------ Supplied records ------
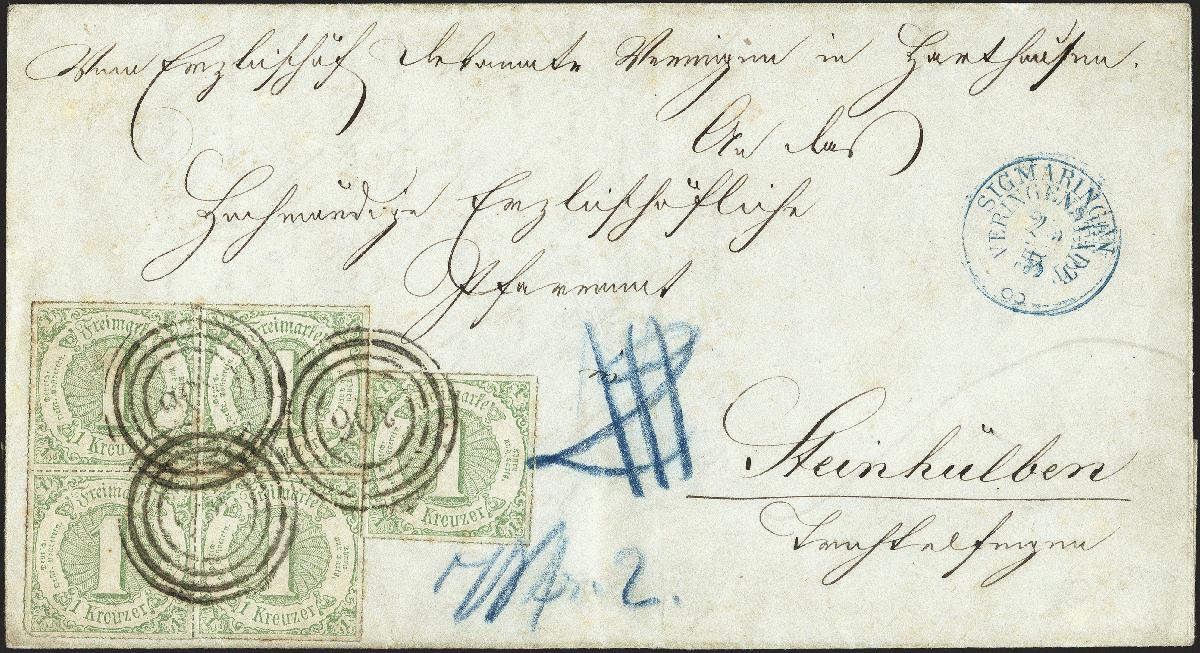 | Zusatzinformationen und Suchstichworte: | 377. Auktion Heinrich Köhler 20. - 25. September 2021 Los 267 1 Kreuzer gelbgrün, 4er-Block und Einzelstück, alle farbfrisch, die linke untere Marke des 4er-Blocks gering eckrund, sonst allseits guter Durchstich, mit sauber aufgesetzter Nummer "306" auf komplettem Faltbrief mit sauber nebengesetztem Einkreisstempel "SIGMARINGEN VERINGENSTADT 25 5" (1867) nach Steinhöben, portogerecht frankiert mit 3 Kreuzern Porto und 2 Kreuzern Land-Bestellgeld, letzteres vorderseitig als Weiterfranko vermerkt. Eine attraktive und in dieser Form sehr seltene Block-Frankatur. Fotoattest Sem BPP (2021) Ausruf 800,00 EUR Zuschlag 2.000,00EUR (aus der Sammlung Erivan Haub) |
------
------ Supplied records ------
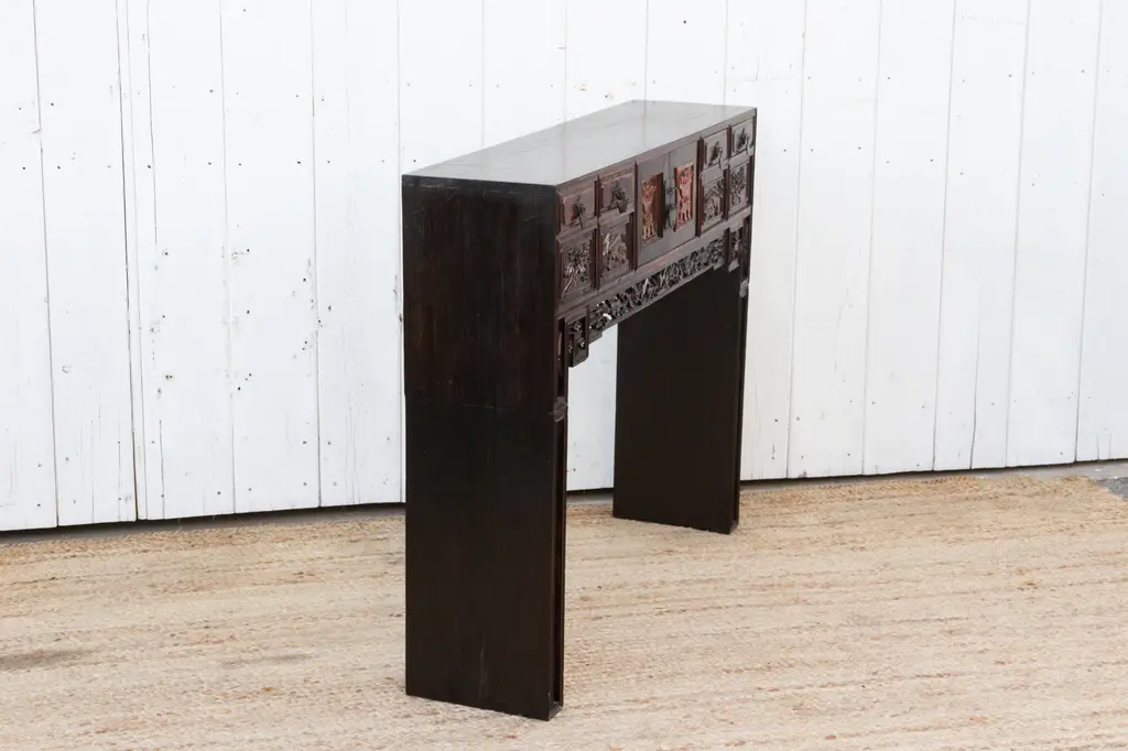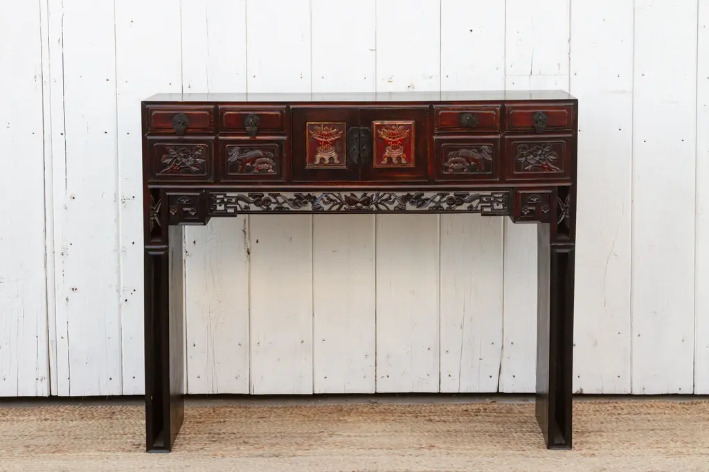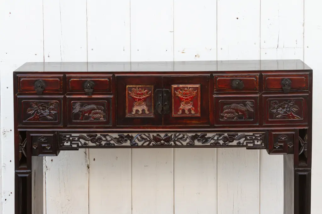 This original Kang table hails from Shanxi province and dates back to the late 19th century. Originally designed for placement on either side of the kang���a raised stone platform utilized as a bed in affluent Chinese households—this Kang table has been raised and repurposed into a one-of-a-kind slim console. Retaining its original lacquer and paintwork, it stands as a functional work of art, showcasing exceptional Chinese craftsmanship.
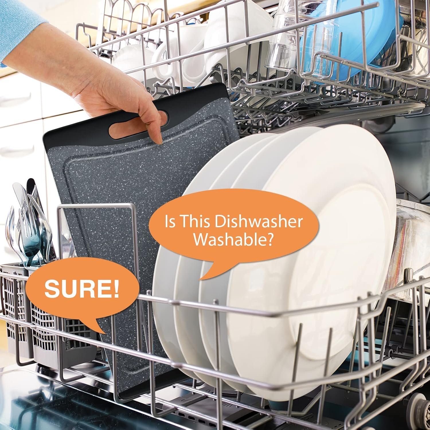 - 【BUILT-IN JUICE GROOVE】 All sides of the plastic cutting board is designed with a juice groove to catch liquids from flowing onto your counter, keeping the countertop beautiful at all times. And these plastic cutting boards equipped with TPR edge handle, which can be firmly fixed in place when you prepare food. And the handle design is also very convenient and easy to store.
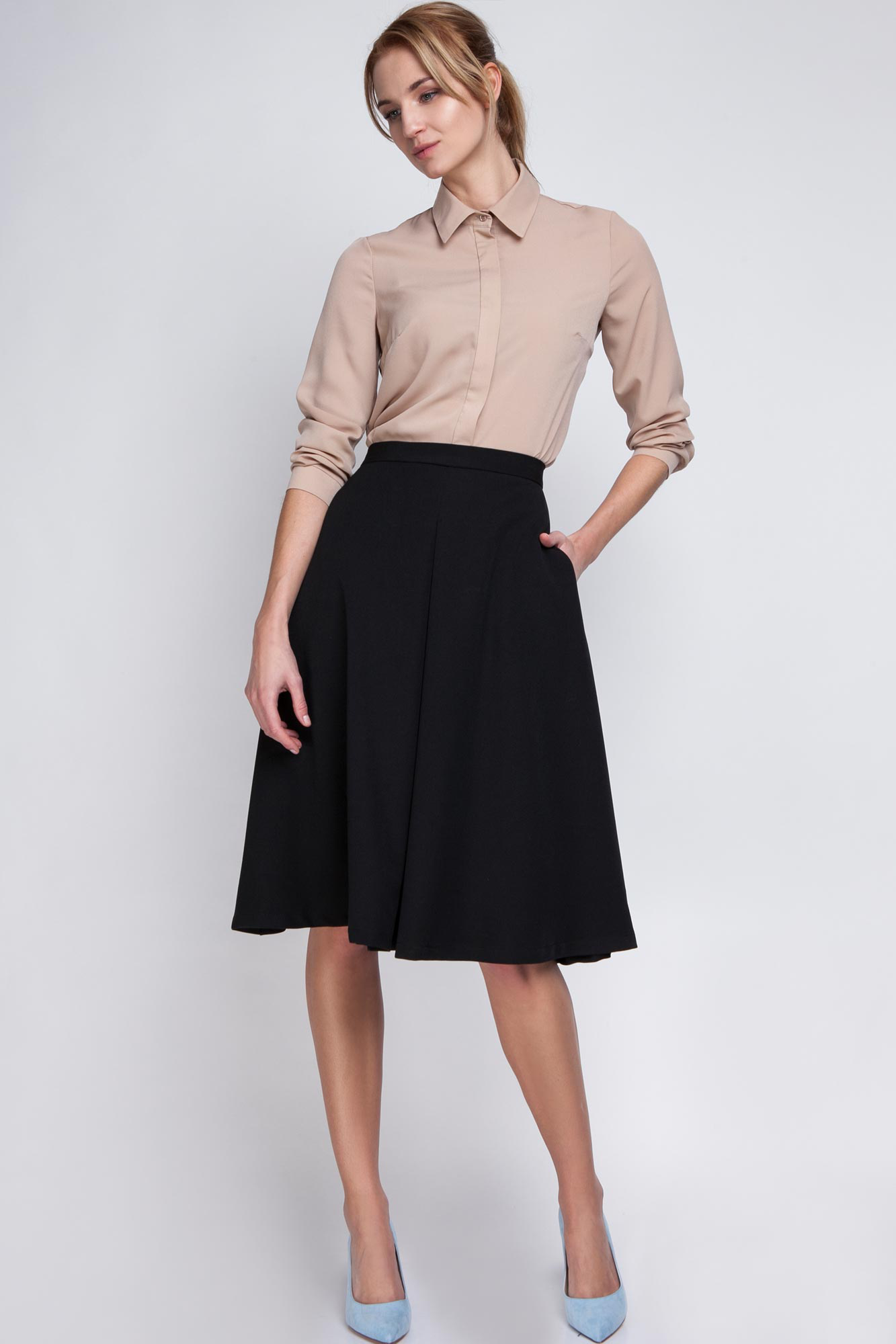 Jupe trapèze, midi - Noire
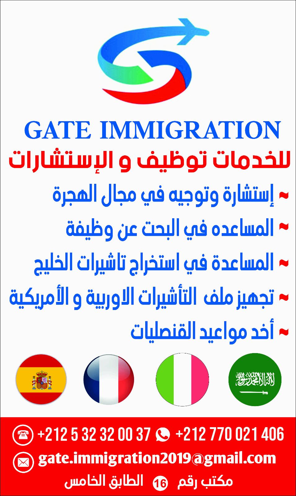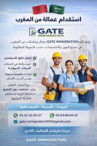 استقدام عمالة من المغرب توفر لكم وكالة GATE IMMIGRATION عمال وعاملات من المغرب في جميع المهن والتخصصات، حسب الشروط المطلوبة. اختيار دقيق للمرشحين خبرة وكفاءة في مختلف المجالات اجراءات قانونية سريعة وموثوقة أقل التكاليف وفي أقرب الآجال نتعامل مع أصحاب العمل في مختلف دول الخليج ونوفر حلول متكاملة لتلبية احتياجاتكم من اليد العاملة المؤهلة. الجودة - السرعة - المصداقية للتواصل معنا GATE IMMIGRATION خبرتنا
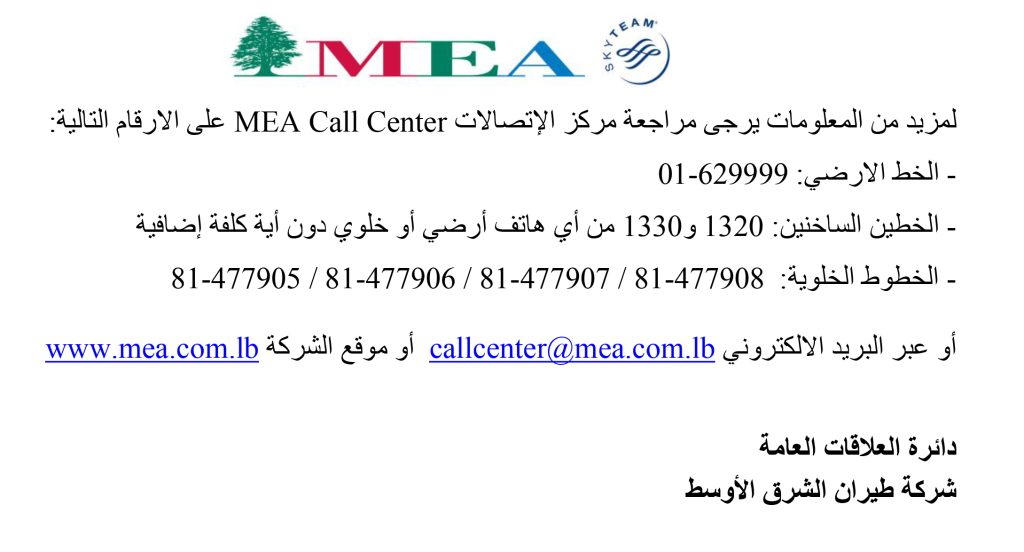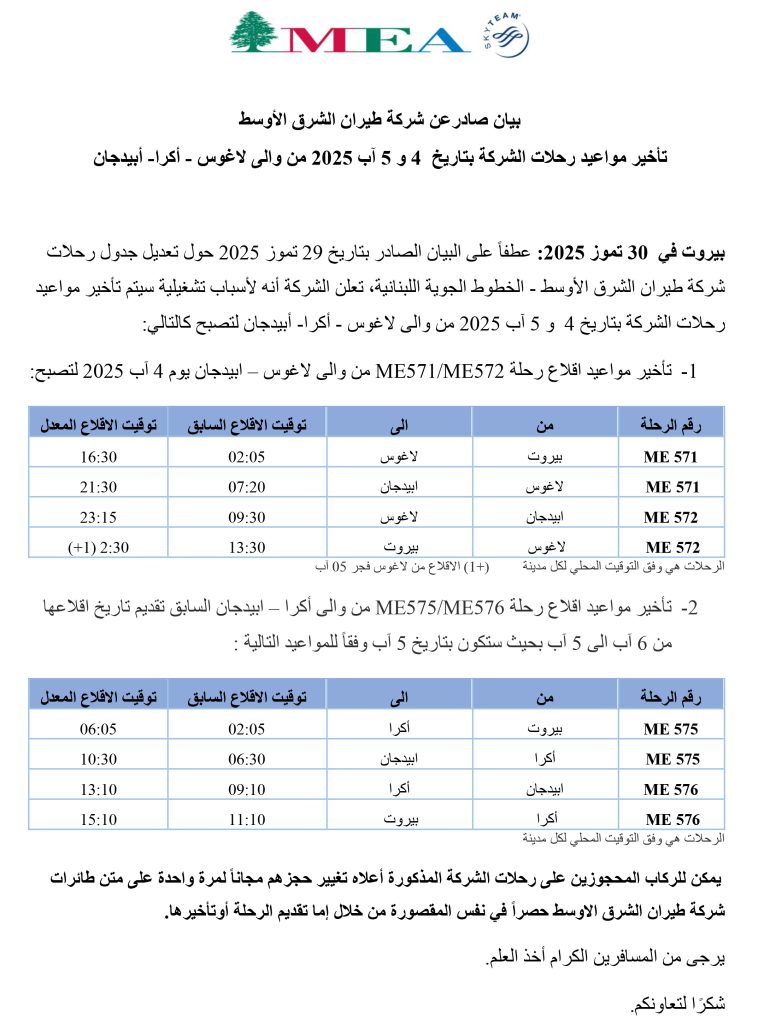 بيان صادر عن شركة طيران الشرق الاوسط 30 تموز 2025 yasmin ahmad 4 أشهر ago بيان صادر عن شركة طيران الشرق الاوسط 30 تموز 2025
------
Task objective: From the records above, quote word for word only the lines beginning at the line that has "استقدام عمالة من" and stopping after the line that has "بيان صادر عن شركة طيران الشرق الاوسط 30 تموز 2025 yasmin". Omit the pictures.

Exercise solution:
 استقدام عمالة من المغرب توفر لكم وكالة GATE IMMIGRATION عمال وعاملات من المغرب في جميع المهن والتخصصات، حسب الشروط المطلوبة. اختيار دقيق للمرشحين خبرة وكفاءة في مختلف المجالات اجراءات قانونية سريعة وموثوقة أقل التكاليف وفي أقرب الآجال نتعامل مع أصحاب العمل في مختلف دول الخليج ونوفر حلول متكاملة لتلبية احتياجاتكم من اليد العاملة المؤهلة. الجودة - السرعة - المصداقية للتواصل معنا GATE IMMIGRATION خبرتنا
 بيان صادر عن شركة طيران الشرق الاوسط 30 تموز 2025 yasmin ahmad 4 أشهر ago بيان صادر عن شركة طيران الشرق الاوسط 30 تموز 2025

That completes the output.